### Goal of the exercise:
Lines from the one with "3、在情侣日记页面,点击【创建日记】按钮,进入创建日记页面。" through the end of the records, and no others, are what the answer should contain, copied exactly; please keep pictures out.

### Stored items:
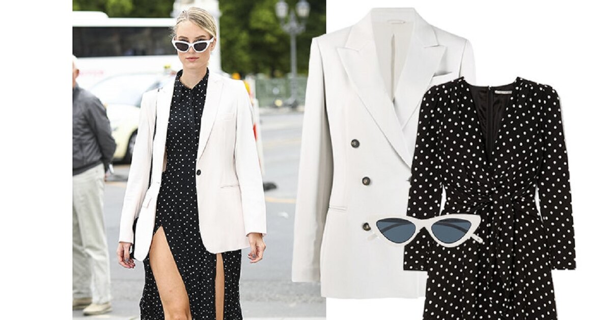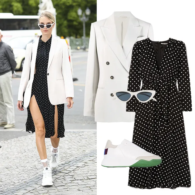 Платье ALESSANDRA RICH, 86 948 руб.; блейзер BRUNELLO CUCINELLI, 288 500 руб.; очки LE SPECS, 8 511 руб.; кроссовки STELLA MCCARTNEY, 29 464 руб.
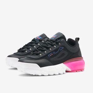 FILA Womens Disruptor 2A Black White Magenta Sneakers NWB
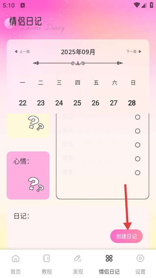 3、在情侣日记页面,点击【创建日记】按钮,进入创建日记页面。
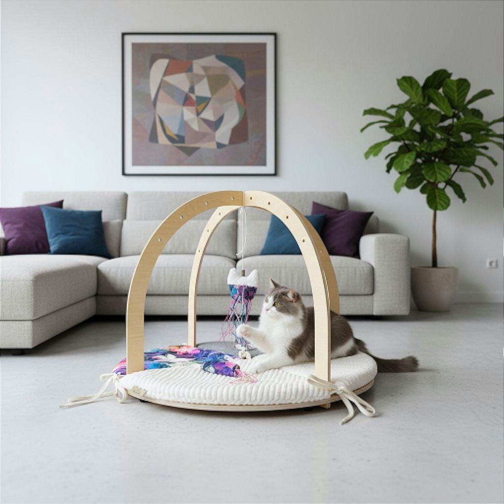 Obie zabawki możesz przywiązać do mat sensorycznych ARENA, ale równie dobrze sprawdzą się samodzielnie – zawieszone w dowolnym miejscu, gdzie kot lubi się bawić.
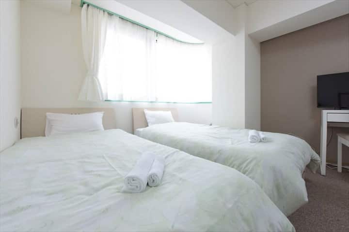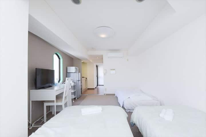 Priestranný 1LDK (26 ㎡)! Pohodlne sa vyspia až 3 osoby!Ideálne pre malé skupiny alebo pár s 2 samostatnými lôžkami a 1 rozkladacou pohovkou.

### Output below:
 3、在情侣日记页面,点击【创建日记】按钮,进入创建日记页面。
 Obie zabawki możesz przywiązać do mat sensorycznych ARENA, ale równie dobrze sprawdzą się samodzielnie – zawieszone w dowolnym miejscu, gdzie kot lubi się bawić.
 Priestranný 1LDK (26 ㎡)! Pohodlne sa vyspia až 3 osoby!Ideálne pre malé skupiny alebo pár s 2 samostatnými lôžkami a 1 rozkladacou pohovkou.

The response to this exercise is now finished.